Extracted data entries:
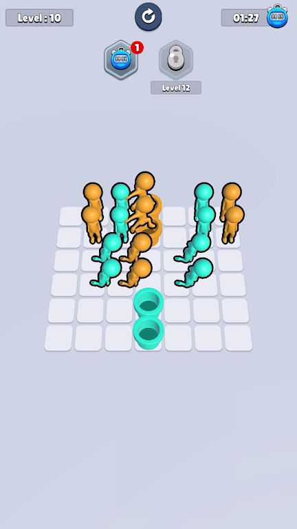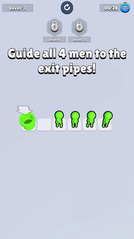 《跳进去,出去》是一款富有创意和挑战性的益智游戏,玩家需要通过滑动手指来引导火柴人进行移动。每个火柴人都有自己独特的颜色,玩家必须仔细观察并判断,以确保它们能够跳入与自己颜色相符的管道。通过这一简单而富有趣味的机制,游戏不仅考验玩家的反应速度,还挑战了玩家的逻辑思维能力。
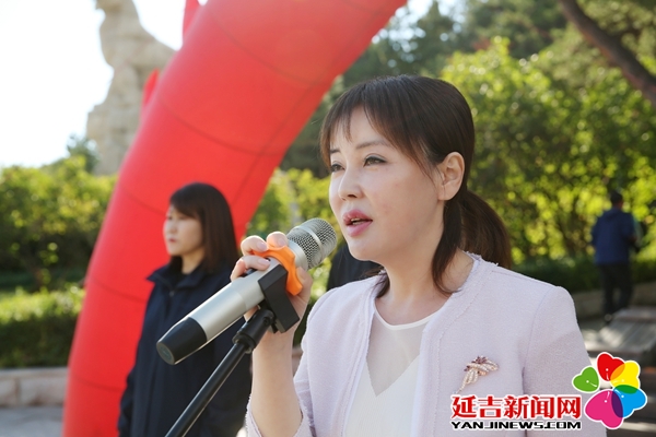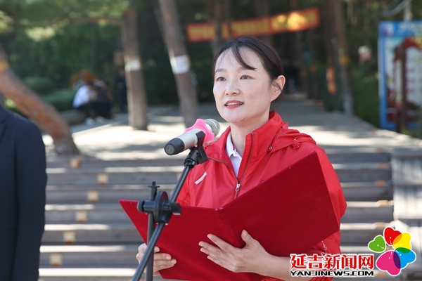 朴清梅宣布登山比赛开始 杨婷婷 摄
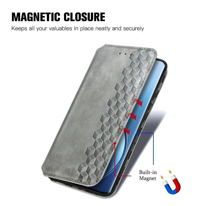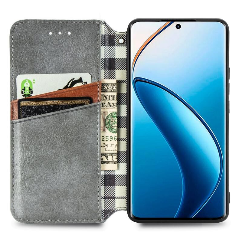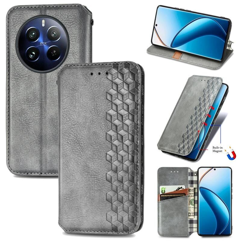 Για Realme 12 Pro Cubic Grid Pressed μαγνητική δερμάτινη θήκη τηλεφώνου (γκρι)
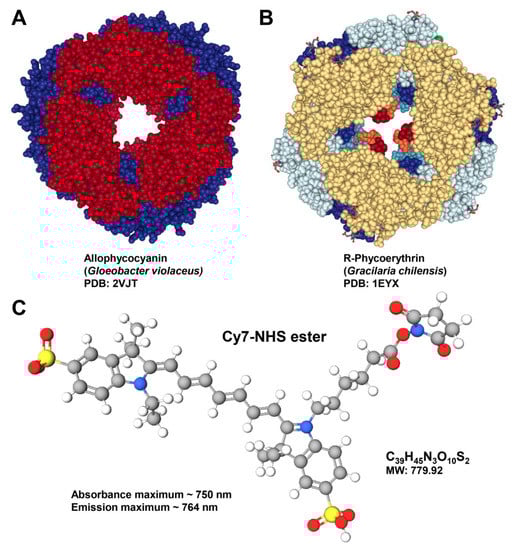 Examples of pigments with fluorescent properties. (A) Allophycocyanin (APC) is an accessory, water-soluble pigment of red or blue-green algae that has an absorption maximum at 652 nm and an emission maximum at 657.5 nm. It is composed of a trimer with an (αβ)3 structure and a molecular weight of 105,000 Daltons. The structure of the Allophycocyanin from Gloeobacter violaceus depicted was taken from the RCSB Protein Data Bank (PDB, access. no.: 2VJT) (B) Phycoerythrin (PE) is a red protein-pigment occurring in red algae and cryptophytes. It is composed of αβ monomers that can form either trimers (αβ)3 or hexamers (αβ)6. Depicted is the crystal structure of the light-harvesting R-Phycoerythrin from the red algae Gracilaria chilensis deposited in the PDB (access. no. 1EYX). The structures shown in (A,B) were created with the NGL WebGl-based molecular viewer [24]. (C) Structure of the cyanine 7-N-hydroxysuccinimide (Cy7-NHS) ester that is a near-infrared fluorescent dye specifically designed for labeling of amines.
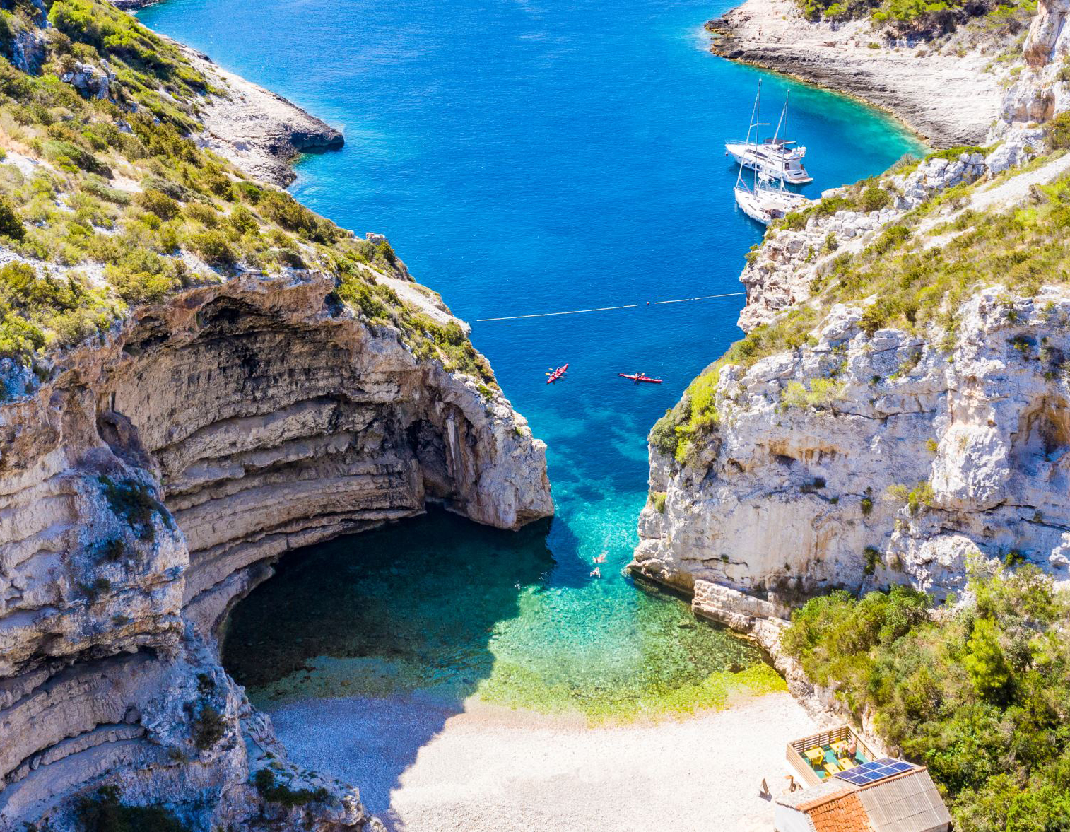 Cruise to the famous Blue Grotto, a natural sea cave known for its mesmerizing blue hues. Spend time exploring this unique geological formation before heading to Stiniva Cove, a stunning bay surrounded by cliffs. Anchor here for the night and enjoy dinner on board, savoring the island’s fresh seafood and Mediterranean cuisine.

### EXERCISE AIM
An exact reprint of the records above is required, with all pictures left out.

### ANSWER BOX
 《跳进去,出去》是一款富有创意和挑战性的益智游戏,玩家需要通过滑动手指来引导火柴人进行移动。每个火柴人都有自己独特的颜色,玩家必须仔细观察并判断,以确保它们能够跳入与自己颜色相符的管道。通过这一简单而富有趣味的机制,游戏不仅考验玩家的反应速度,还挑战了玩家的逻辑思维能力。
 朴清梅宣布登山比赛开始 杨婷婷 摄
 Για Realme 12 Pro Cubic Grid Pressed μαγνητική δερμάτινη θήκη τηλεφώνου (γκρι)
 Examples of pigments with fluorescent properties. (A) Allophycocyanin (APC) is an accessory, water-soluble pigment of red or blue-green algae that has an absorption maximum at 652 nm and an emission maximum at 657.5 nm. It is composed of a trimer with an (αβ)3 structure and a molecular weight of 105,000 Daltons. The structure of the Allophycocyanin from Gloeobacter violaceus depicted was taken from the RCSB Protein Data Bank (PDB, access. no.: 2VJT) (B) Phycoerythrin (PE) is a red protein-pigment occurring in red algae and cryptophytes. It is composed of αβ monomers that can form either trimers (αβ)3 or hexamers (αβ)6. Depicted is the crystal structure of the light-harvesting R-Phycoerythrin from the red algae Gracilaria chilensis deposited in the PDB (access. no. 1EYX). The structures shown in (A,B) were created with the NGL WebGl-based molecular viewer [24]. (C) Structure of the cyanine 7-N-hydroxysuccinimide (Cy7-NHS) ester that is a near-infrared fluorescent dye specifically designed for labeling of amines.
 Cruise to the famous Blue Grotto, a natural sea cave known for its mesmerizing blue hues. Spend time exploring this unique geological formation before heading to Stiniva Cove, a stunning bay surrounded by cliffs. Anchor here for the night and enjoy dinner on board, savoring the island’s fresh seafood and Mediterranean cuisine.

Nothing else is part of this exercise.